Every major LLM provider enforces rate limits at two levels simultaneously. Understanding both is essential for implementing a backoff strategy that actually works.

RPM limits: parallel tool calls blow through the ceiling. Requests-per-minute limits count individual API calls regardless of size. Agents that fire multiple parallel tool calls — a research agent fetching three web pages simultaneously, a code agent running four tool invocations in parallel — can hit the RPM ceiling almost instantly even on modest workloads. At OpenAI tier 1, GPT-4o is limited to 500 RPM. An agent that fires 10 parallel calls and runs 60 steps per minute is already at capacity on its own; add a second concurrent session and both sessions start seeing 429s.
TPM limits: large context windows exhaust token budgets before you make many calls. Tokens-per-minute limits count all tokens across input and output for every request in the current minute window. A single call with a 100k-token context window consumes 100,000 TPM in one shot. At OpenAI tier 1 (30,000 TPM for GPT-4o), that call alone would exceed the entire per-minute budget by 3.3×. Even at tier 2 (450,000 TPM), a single 500k-token context call blows the budget. Agents that accumulate tool results and conversation history hit TPM limits faster as the session length grows — the very runs that are the most expensive to restart.

Provider rate limits reference: what the real ceilings look like.

Provider / Model	Tier	RPM limit	TPM limit
OpenAI GPT-4o	Tier 1	500 RPM	30,000 TPM
OpenAI GPT-4o	Tier 2	5,000 RPM	450,000 TPM
OpenAI GPT-4o-mini	Tier 1	500 RPM	200,000 TPM
Anthropic claude-sonnet-4	Tier 1	50 RPM	40,000 TPM
Anthropic claude-haiku-3.5	Tier 1	50 RPM	50,000 TPM

Limits as of June 2026. Always verify against provider documentation as they change with account tier upgrades.

How the two limits interact in practice. An agent can hit either limit independently. A very fast agent with small prompts hits RPM. A slow agent with large prompts hits TPM. An agent with large prompts firing parallel requests hits both simultaneously, which produces cascading 429s: the retry attempts themselves consume RPM quota, which triggers more 429s, which consume more RPM quota. This self-amplifying pattern is the retry storm.

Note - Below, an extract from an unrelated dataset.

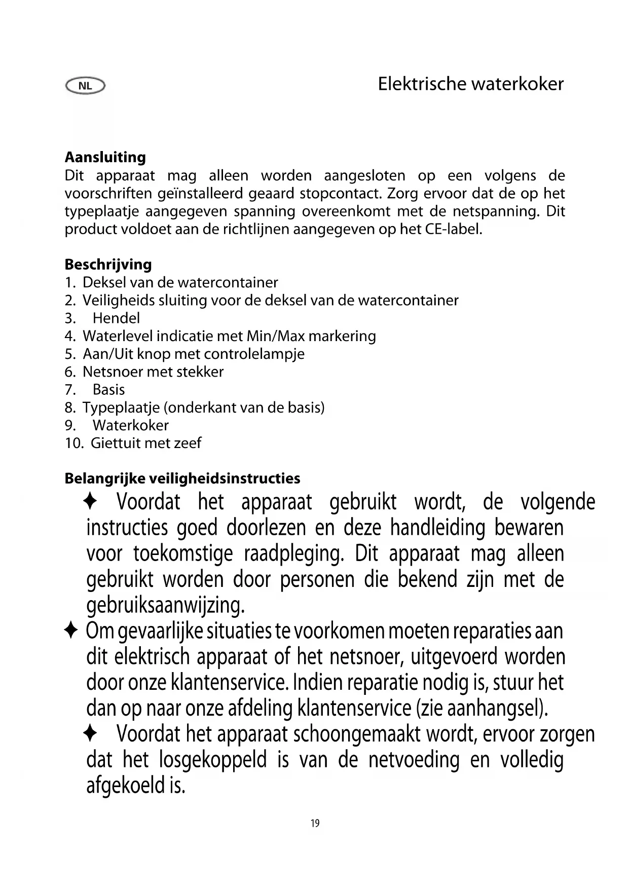 Belangrijke veiligheidsinstructies ✦ Voordat het apparaat gebruikt wordt, de volgende instructies goed doorlezen en deze handleiding bewaren voor toekomstige raadpleging. Dit apparaat mag alleen gebruikt worden door personen die bekend zijn met de gebruiksaanwijzing. ✦ Om gevaarlijke situaties te voorkomen moeten reparaties aan dit elektrisch apparaat of het netsnoer, uitgevoerd worden door onze klantenservice. Indien reparatie nodig is, stuur het dan op naar onze afdeling klantenservice (zie aanhangsel). ✦ Voordat het apparaat schoongemaakt wordt, ervoor zorgen dat het losgekoppeld is van de netvoeding en volledig afgekoeld is. NL20 ✦ Om het risico van een elektrische schok te voorkomen dit apparaat nooit schoonmaken met water en nooit in water onderdompelen. ✦ Dit apparaat mag gebruikt worden door kinderen (tenminste 8 jaar oud) en door personen met verminderde fysische, zintuigelijke of mentale bekwaamheden, of gebrek aan ervaring en kennis, mits zij onder begeleiding zijn of instructies ontvangen hebben over het gebruik van dit apparaat en de gevaren en veiligheidsvoorschriften volledig begrijpen. ✦ Kinderen mogen niet met het apparaat spelen. ✦ Kinderen mogen aan dit apparaat geen schoonmaak-of onderhoudswerkzaamheden verrichten behalve wanneer ze onder toezicht zijn. ✦ Het apparaat en het snoer moeten altijd goed weggehouden worden van kinderen jonger dan 8 jaar. ✦ Dit apparaat is bestemd voor huishoudelijk en ander gelijksoortig gebruik, zoals - in winkels, kantoren of andere gelijksoortige werkomgevingen, - in agrarische werkomgevingen, - door klanten in hotels, motels enz. en gelijksoortige etablissementen, - in bed en breakfast gasthuizen. ✦ Laat de waterkoker tijdens werking niet onbeheerd achter; gebruik alleen zuiver water en let altijd op de maximum/ minimum markering wanneer men de waterkoker vult. Overvullen van de waterkoker kan gevaarlijk zijn21 vanwege kokend water wat uitgestoten kan worden. ✦ Pas ook op voor verbranding door hete stoom wat uitgestoten kan worden. Daarom, tijdens gebruik, geen enkel ander deel van het apparaat aanraken behalve het handvat. ✦ Let op! Tijdens het kookproces en als er heet water uitgeschonken wordt, de deksel altijd gesloten houden. ✦ De waterkoker mag alleen gebruikt worden met de bijgeleverde sokkel (basis). ✦ Verwijder (of zet) de waterkoker nooit (terug op) van de basis als het apparaat aanstaat. ✦ Waarschuwing: houdt kinderen weg van inpakmateriaal, daar deze een bron van gevaar zijn b.v. door verstikking. ✦ Elke keer dat het apparaat wordt gebruikt moet zowel de hoofdeenheid inclusief het netsnoer en elk hulpstuk dat wordt aangebracht, eerst zorgvuldig op eventuele defecten worden gecontroleerd. Ingeval het apparaat, bijvoorbeeld, op een hard oppervlak is gevallen, of wanneer men met overdadige kracht aan het netsnoer getrokken heeft, mag het niet meer gebruikt worden: zelfs een onzichtbare beschadiging kan ongewenste e ecten hebben op de gebruiksveiligheid van het apparaat. ✦ Het apparaat mag alleen op een hittebestendig, vlak oppervlak gebruikt worden. ✦ Gebruik dit apparaat niet onder overhangende kastjes of gelijkwaardige voorwerpen; er bestaat gevaar dat de stoom die hieronder vrijkomt, gevangen blijft zitten. ✦ De uitwendige delen zullen heet worden tijdens gebruik en voor een lange periode heet blijven. ✦ Zorg ervoor dat de behuizing en het netsnoer niet in contact komen met open vuur of andere hete oppervlakken zoals kookplaten. ✦ Laat het snoer nooit los hangen en zorg ervoor dat het snoer niet in de nabijheid komt van hete delen van de behuizing. ✦ Verwijder altijd de stekker uit het stopcontact; - na gebruik, - wanneer het apparaat niet werkt, - wanneer men het apparaat schoonmaakt. ✦ Wordt dit apparaat op een verkeerde manier gebruikt of worden22 de veiligheidsregels niet gevolgd, dan zal de fabrikant geen aansprakelijkheid accepteren voor eventuele schades. Thermische beveiliging De vooraf ingestelde thermische beveiliging beschermt het verhittingelement tegen oververhitten wanneer men het apparaat aanzet zonder dat water aanwezig is in de watercontainer of wanneer het element teveel kalkaanslag bevat. Wanneer de thermische beveiliging de waterkoker heeft uitgeschakeld moet men deze voldoende laten afkoelen of men moet de waterkoker ontkalken voordat men deze weer kan aanzetten. Voor het eerste gebruik Voor hygiënische redenen, de eerste vulling met water laten koken en dan weggooien. Water koken ✦ Verwijder nooit de watercontainer van de basis (of vervang deze) wanneer het apparaat aanstaat. ✦ Verwijder de watercontainer van de basis. ✦ Maak het deksel vrij en open het, vul het reservoir tot het gewenste niveau met water, houdt hierbij de minimale en maximale markering in de gaten. ✦ Voordat het deksel wordt gesloten en de waterkoker weer op zijn basis wordt teruggeplaatst, erop letten dat het apparaat nog niet is aangezet. ✦ Stop de stekker in het stopcontact en druk op de Aan/Uit knop. Het indicatielampje zal aangaan. ✦ Het kookproces zal nu beginnen. Nadat het kookpunt bereikt is zal het apparaat automatisch uitgeschakeld worden door het ingebouwde stoombeveiligingssysteem. Het indicatielampje zal uitgaan. ✦ Om het kookproces te onderbreken moet men de Aan/Uit knop in de Uit stand zetten. ✦ Om heet water uit te gieten moet men de container van de basis verwijderen. ✦ Om te voorkomen dat er hete stoom wordt uitgestoten zorg ervoor dat de deksel gesloten blijft terwijl men water uitgiet. ✦ Verwijder de stekker na gebruik uit het stopcontact. ✦ Laat nooit water in de container. Ontkalken ✦ Afhankelijk van de waterkwaliteit in uw omgeving, kan kalkaanslag zich opbouwen op het verhittingselement. Het wordt aangeraden23 om dit op regelmatige basis te verwijderen. Elke garantieclaim zal nietig en ongeldig zijn wanneer het apparaat niet werkt vanwege onvoldoende ontkalken. ✦ Een mengsel van 0.5 liter water en 40 ml schoonmaakazijn is hiervoor geschikt

How retry storms form: the naive retry loop

Most engineers’ first instinct when they see a 429 is to add a sleep and retry. The result is code like this:

from openai import OpenAI, RateLimitError
import time

client = OpenAI()

# BUG: this creates a retry storm
while True:
    try:
        response = client.chat.completions.create(
            model="gpt-4o",
            messages=messages,
        )
        break
    except RateLimitError:
        time.sleep(1)  # BUG: 1 second is not enough for the rate limit window to reset
        continue       # BUG: immediately retries — no max retries, no backoff

This pattern has four compounding problems:

(a) Fixed sleep of 1 second is not enough. Rate limit windows are 60-second windows. If you exhausted your RPM quota at second 0, a 1-second sleep at second 1 puts you at second 2 of the same 60-second window. The limit has not reset. The retry fails immediately with another 429. You are sleeping 1 second, retrying, getting another 429, sleeping 1 second … indefinitely. You need to sleep for the remainder of the current window, not an arbitrary fixed delay.
(b) No maximum retry count means infinite loop. The while True combined with a catch-and-continue on RateLimitError has no exit condition. If the rate limit persists (because the account has been suspended, the quota is too low for the request, or the rate limit error is actually a different error misclassified as 429), the loop never terminates. The process runs forever, consuming CPU and potentially accumulating costs through other mechanisms.
(c) Concurrent agents sharing the same API key amplify the problem. In production, you typically have many agent sessions running concurrently. Each session that hits a 429 enters its own retry loop. All of them retry at nearly the same time (because they all slept for the same 1-second fixed delay), which means they all hit the rate limit simultaneously again, which means they all sleep 1 second again. This synchronized retry pattern — called the thundering herd — keeps the rate limit window perpetually exhausted.
(d) The 429 response fills the retry queue with the same request. When the 429 occurs, the agent re-queues the exact same request with the exact same messages. If the rate limit is being triggered by a large context (TPM), re-queueing the same large context on every retry means every retry attempt costs the same number of tokens against the TPM window. The very act of retrying continues to exhaust the quota.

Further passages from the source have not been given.